Wroxeter, St Andrew's Church
Wroxeter, St Andrew's Church
Wow! Now, here's a church with history! The Grade-I listed church of St Andrew's is built upon part of the former Roman town of Viroconium, and incorporates Roman bricks and stones throughout.
The churchyard entrance is guarded by a pair of large Roman columns, and huge blocks of Roman stone are built into the nave walls. The large font is made from a reused capital of a Roman column which has been turned upside down and hollowed out to form the font bowl.

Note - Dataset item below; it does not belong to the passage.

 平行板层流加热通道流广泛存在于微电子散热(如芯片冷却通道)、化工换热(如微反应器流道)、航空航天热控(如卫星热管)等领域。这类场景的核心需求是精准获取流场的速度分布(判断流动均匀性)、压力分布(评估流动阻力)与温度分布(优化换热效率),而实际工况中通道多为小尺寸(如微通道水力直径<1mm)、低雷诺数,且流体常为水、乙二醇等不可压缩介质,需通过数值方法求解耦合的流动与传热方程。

The church dates to the late Saxon period, but it has been altered many
times over the centuries. It may have been built to serve as part of a college which began sometime before the Norman Conquest and was dissolved in 1347.

The church is oriented oddly, suggesting that is was constructed to stand parallel to the line of a Roman street. The nave was rebuilt in 1190, and the aisle and chapel date to 1200. The west tower was added in the 15th century and altered in the following century.

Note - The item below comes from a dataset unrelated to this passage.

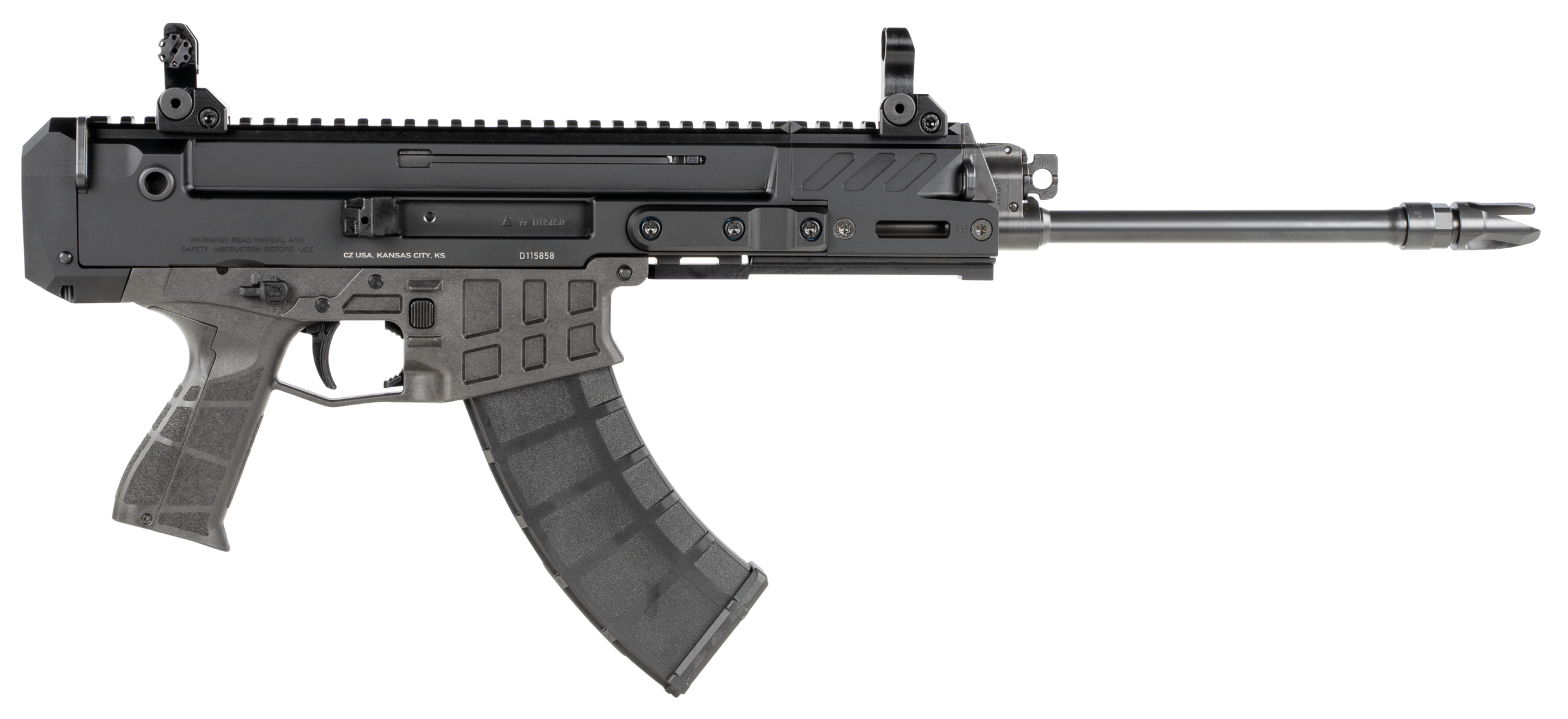 New in box. Ships with two 30 rd. magazines, paperwork, and cleaning kit. No brace included. Does include front and rear iron sights.

Much of the interior furnishings are Jacobean and Georgian, with some lovely Georgian box pews and communion rails, and a carved pulpit. Set into the south wall is a 4 foot long section of an 8th or 9th century Mercian cross shaft. The shaft is carved with interesting decorative vine scroll patterns and the tail of a creature that might be a giraffe.

The interior boasts some very nice monuments including an Elizabethan memorial to Sir Thomas Bromley, Lord Chief Justice of England, and his wife Mabel. Both are commemorated in beautifully detailed alabaster effigies. Standing opposite the tomb is a memorial to the couple's daughter Margaret with her husband Sir Richard Newport, who is dressed in full armour.

The town of Viroconium has been very well excavated and is open to visitors. The main entrance is just a short walk from the churchyard. A joint visit to Viroconium and St Andrew's church really serves as a fascinating reminder to the long history of settlement in this area of Shropshire. The church is no longer used for regular worship and is in the care of the Churches Conservation Trust.